§ **Dataset records**:
——
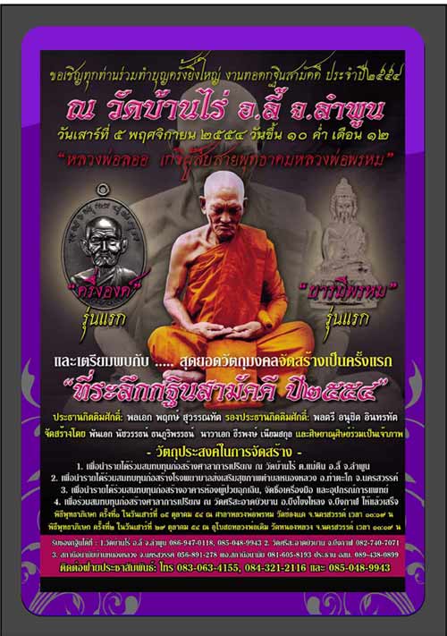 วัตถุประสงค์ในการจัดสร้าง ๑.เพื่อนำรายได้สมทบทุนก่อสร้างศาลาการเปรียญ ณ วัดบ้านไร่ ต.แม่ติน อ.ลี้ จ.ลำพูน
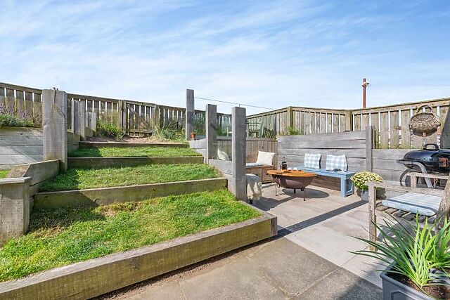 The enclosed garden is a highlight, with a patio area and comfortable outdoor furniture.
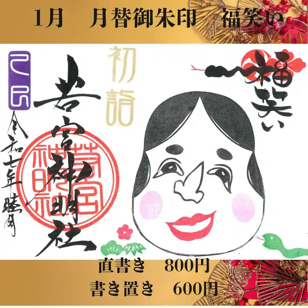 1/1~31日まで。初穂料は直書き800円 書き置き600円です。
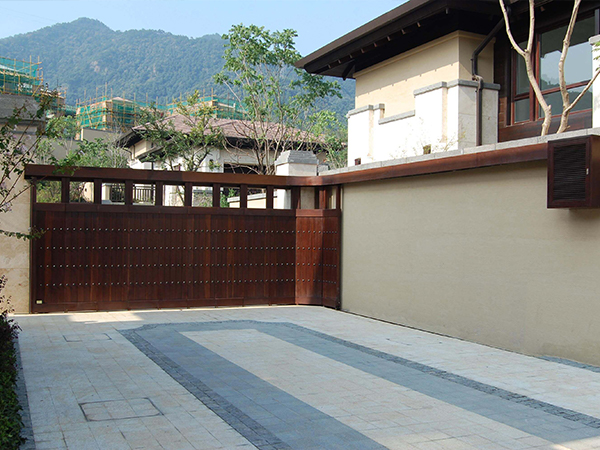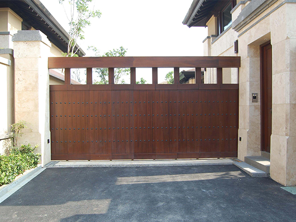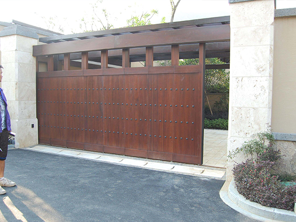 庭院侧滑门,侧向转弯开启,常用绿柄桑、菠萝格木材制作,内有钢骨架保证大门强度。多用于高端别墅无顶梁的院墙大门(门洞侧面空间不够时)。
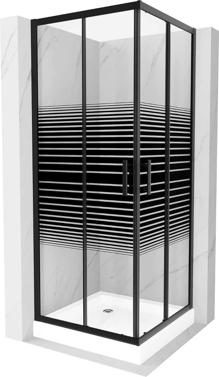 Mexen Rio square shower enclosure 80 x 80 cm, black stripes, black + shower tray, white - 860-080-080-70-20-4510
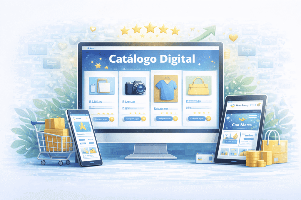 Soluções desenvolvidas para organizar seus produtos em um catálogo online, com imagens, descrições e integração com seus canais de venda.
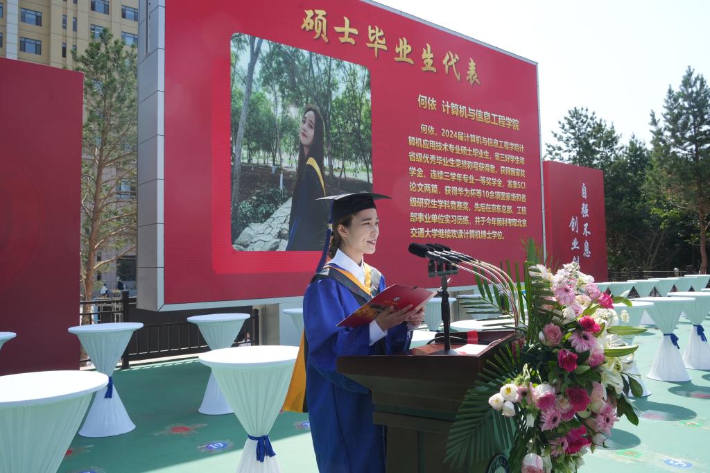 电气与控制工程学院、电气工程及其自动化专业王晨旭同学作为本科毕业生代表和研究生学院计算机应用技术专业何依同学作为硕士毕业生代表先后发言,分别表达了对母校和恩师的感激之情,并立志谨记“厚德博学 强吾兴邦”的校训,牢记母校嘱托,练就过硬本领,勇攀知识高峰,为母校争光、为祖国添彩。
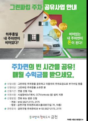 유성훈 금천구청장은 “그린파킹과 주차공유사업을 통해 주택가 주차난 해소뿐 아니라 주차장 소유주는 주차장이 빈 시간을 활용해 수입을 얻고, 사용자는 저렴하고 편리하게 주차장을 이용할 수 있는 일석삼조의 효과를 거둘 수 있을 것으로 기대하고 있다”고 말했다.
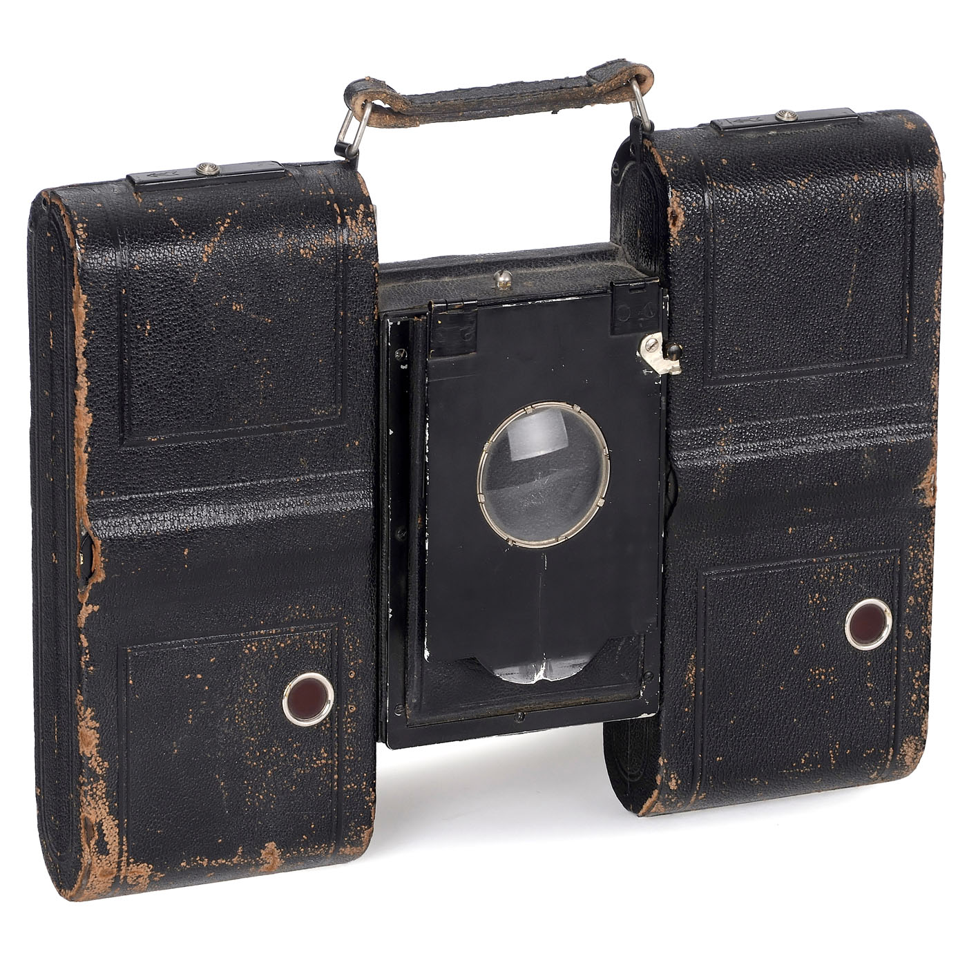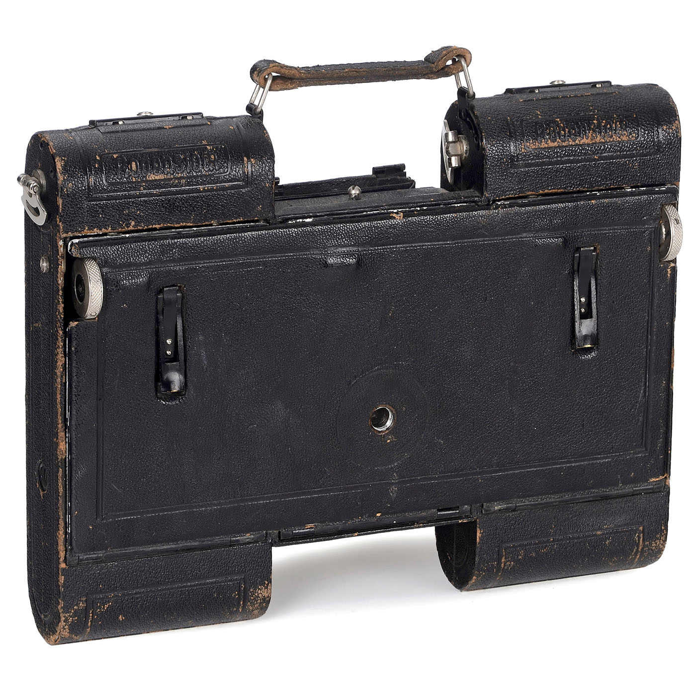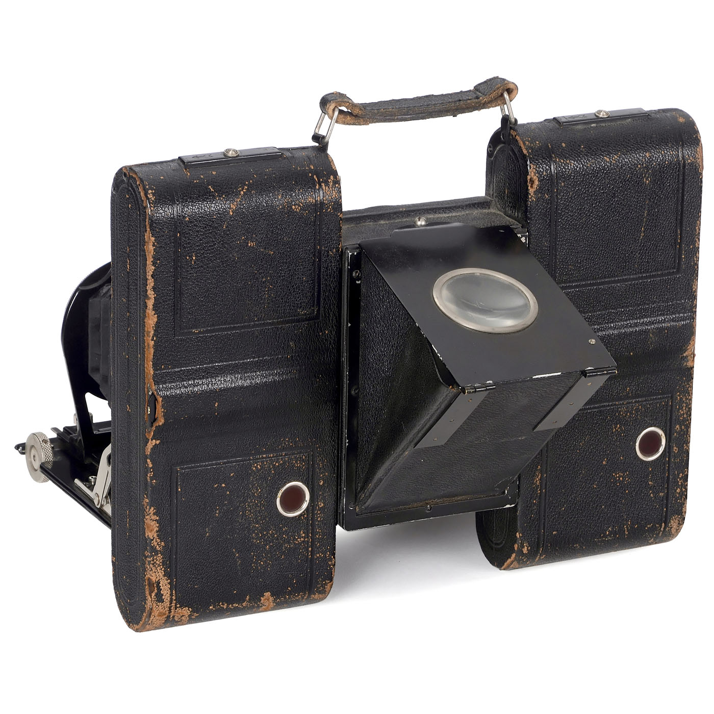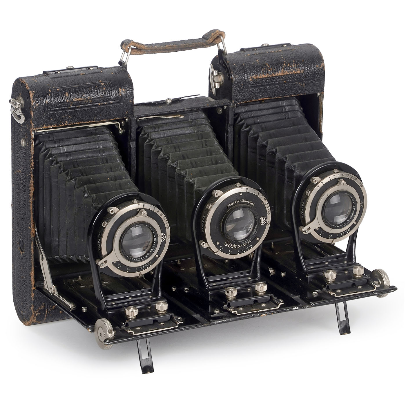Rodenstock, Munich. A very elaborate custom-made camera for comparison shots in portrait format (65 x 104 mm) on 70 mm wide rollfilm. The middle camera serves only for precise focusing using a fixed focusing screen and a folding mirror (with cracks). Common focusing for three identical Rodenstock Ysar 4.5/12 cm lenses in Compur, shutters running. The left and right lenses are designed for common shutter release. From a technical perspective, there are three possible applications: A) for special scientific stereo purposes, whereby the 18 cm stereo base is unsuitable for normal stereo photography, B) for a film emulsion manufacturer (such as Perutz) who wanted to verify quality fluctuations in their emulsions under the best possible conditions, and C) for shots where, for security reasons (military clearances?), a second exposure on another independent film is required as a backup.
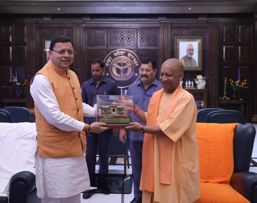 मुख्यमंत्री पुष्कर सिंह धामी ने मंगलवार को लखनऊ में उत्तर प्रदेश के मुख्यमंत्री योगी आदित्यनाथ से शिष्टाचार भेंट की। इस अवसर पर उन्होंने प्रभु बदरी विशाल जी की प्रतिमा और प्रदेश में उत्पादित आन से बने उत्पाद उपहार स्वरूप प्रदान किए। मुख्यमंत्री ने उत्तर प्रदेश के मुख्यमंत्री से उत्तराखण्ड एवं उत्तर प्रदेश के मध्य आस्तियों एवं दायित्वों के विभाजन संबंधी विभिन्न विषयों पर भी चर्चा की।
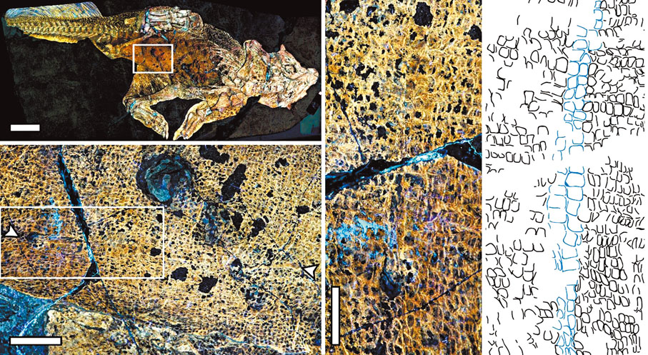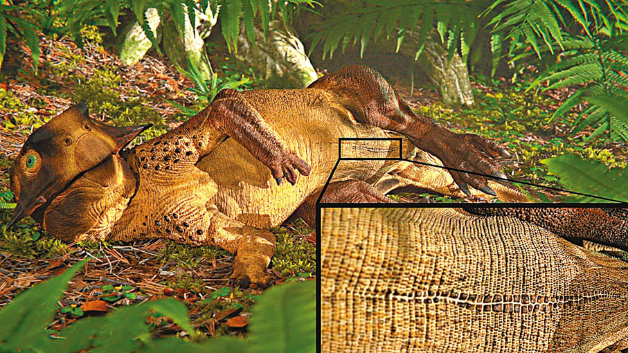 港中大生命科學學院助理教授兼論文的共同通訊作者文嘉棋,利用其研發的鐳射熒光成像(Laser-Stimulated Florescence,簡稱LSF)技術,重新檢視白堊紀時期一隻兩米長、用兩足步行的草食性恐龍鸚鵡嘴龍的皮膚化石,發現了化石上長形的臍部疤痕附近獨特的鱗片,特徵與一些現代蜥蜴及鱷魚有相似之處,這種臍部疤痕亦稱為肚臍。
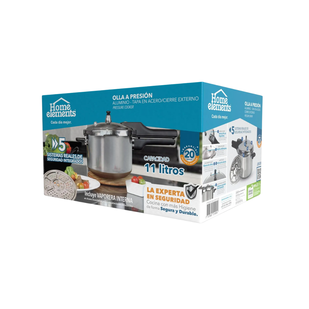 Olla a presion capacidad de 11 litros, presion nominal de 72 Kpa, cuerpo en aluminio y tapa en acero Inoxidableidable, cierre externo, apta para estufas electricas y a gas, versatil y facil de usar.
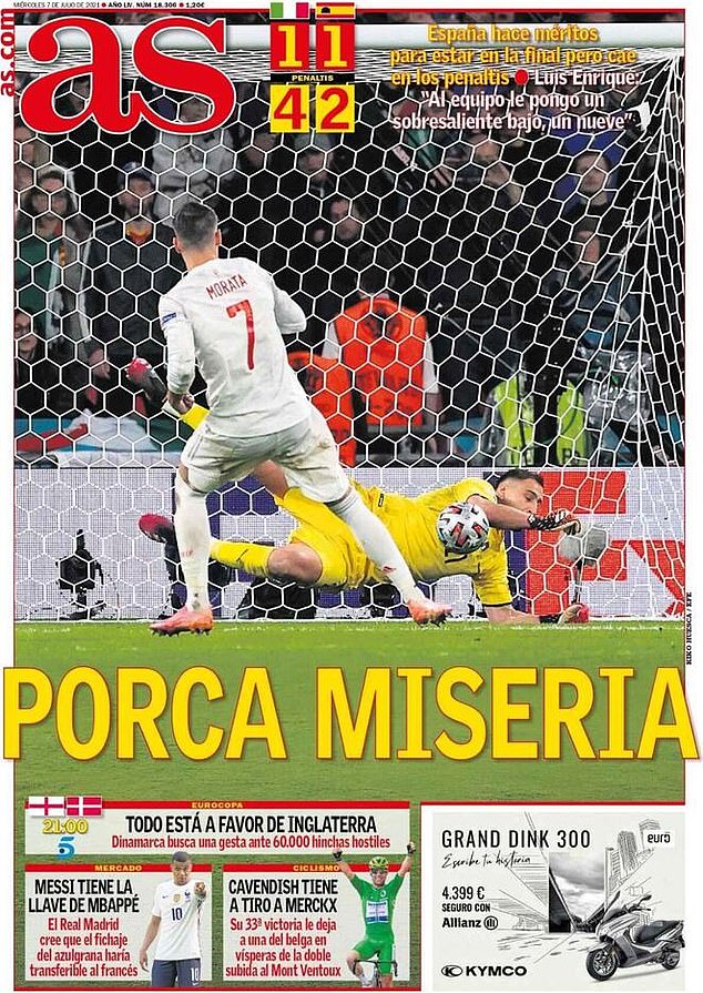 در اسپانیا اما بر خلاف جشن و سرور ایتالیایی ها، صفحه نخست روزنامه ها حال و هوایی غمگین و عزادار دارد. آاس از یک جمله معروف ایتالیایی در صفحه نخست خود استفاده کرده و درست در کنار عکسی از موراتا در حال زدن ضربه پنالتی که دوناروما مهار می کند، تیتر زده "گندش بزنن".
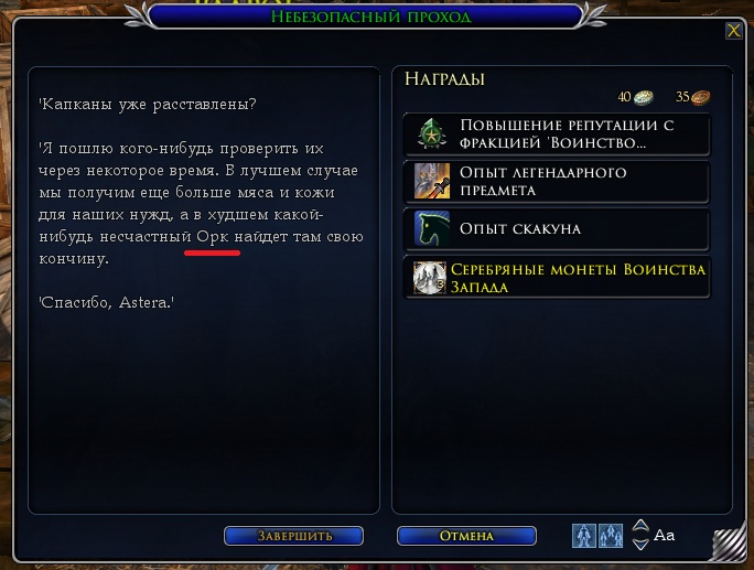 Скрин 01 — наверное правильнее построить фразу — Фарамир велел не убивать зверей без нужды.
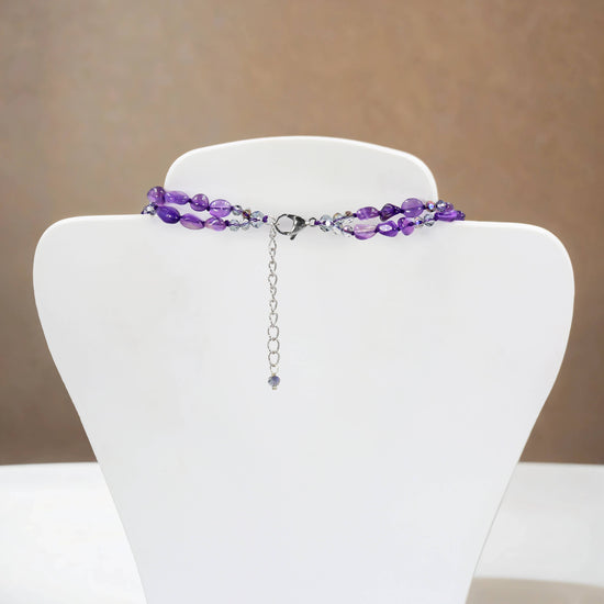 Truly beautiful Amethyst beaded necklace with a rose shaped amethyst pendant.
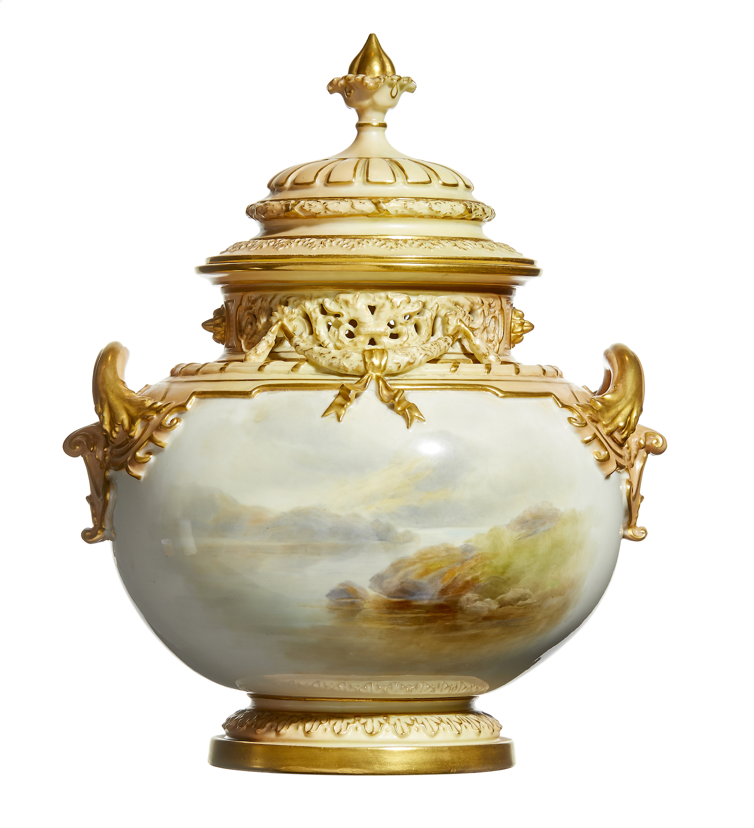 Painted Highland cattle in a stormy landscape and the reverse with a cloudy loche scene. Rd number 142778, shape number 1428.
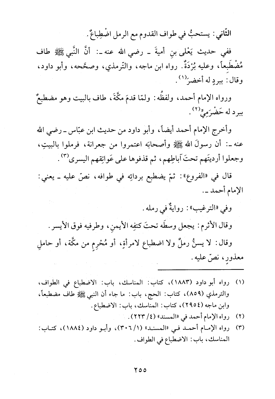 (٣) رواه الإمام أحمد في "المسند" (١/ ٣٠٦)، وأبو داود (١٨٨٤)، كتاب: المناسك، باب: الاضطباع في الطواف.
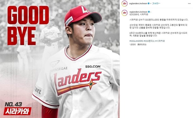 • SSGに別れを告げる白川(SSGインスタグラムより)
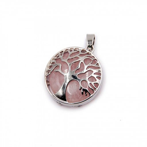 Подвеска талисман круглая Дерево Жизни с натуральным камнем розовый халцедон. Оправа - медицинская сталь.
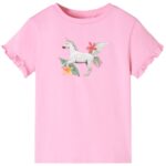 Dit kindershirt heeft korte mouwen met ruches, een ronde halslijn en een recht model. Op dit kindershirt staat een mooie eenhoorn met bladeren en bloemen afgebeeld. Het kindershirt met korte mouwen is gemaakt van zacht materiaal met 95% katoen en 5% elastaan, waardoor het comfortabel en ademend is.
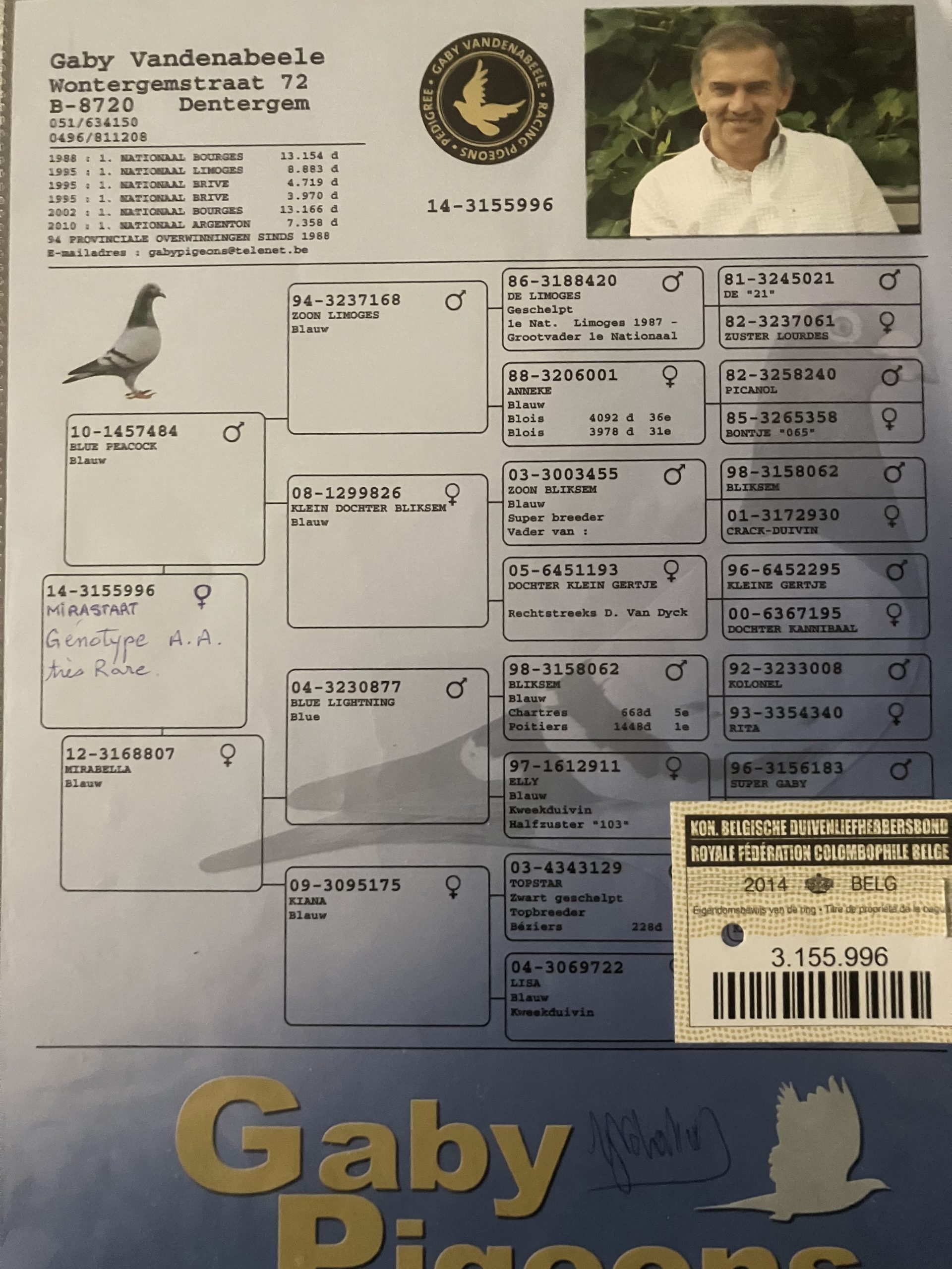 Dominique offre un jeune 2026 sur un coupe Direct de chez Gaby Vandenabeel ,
——
§ **Task brief**:
Would you please repeat only the lines above, beginning at the one that has "در اسپانیا اما" and stopping after the one that has "Подвеска талисман круглая", exactly and with no pictures?

§ **Solution for this task**:
 در اسپانیا اما بر خلاف جشن و سرور ایتالیایی ها، صفحه نخست روزنامه ها حال و هوایی غمگین و عزادار دارد. آاس از یک جمله معروف ایتالیایی در صفحه نخست خود استفاده کرده و درست در کنار عکسی از موراتا در حال زدن ضربه پنالتی که دوناروما مهار می کند، تیتر زده "گندش بزنن".
 Скрин 01 — наверное правильнее построить фразу — Фарамир велел не убивать зверей без нужды.
 Truly beautiful Amethyst beaded necklace with a rose shaped amethyst pendant.
 Painted Highland cattle in a stormy landscape and the reverse with a cloudy loche scene. Rd number 142778, shape number 1428.
 (٣) رواه الإمام أحمد في "المسند" (١/ ٣٠٦)، وأبو داود (١٨٨٤)، كتاب: المناسك، باب: الاضطباع في الطواف.
 • SSGに別れを告げる白川(SSGインスタグラムより)
 Подвеска талисман круглая Дерево Жизни с натуральным камнем розовый халцедон. Оправа - медицинская сталь.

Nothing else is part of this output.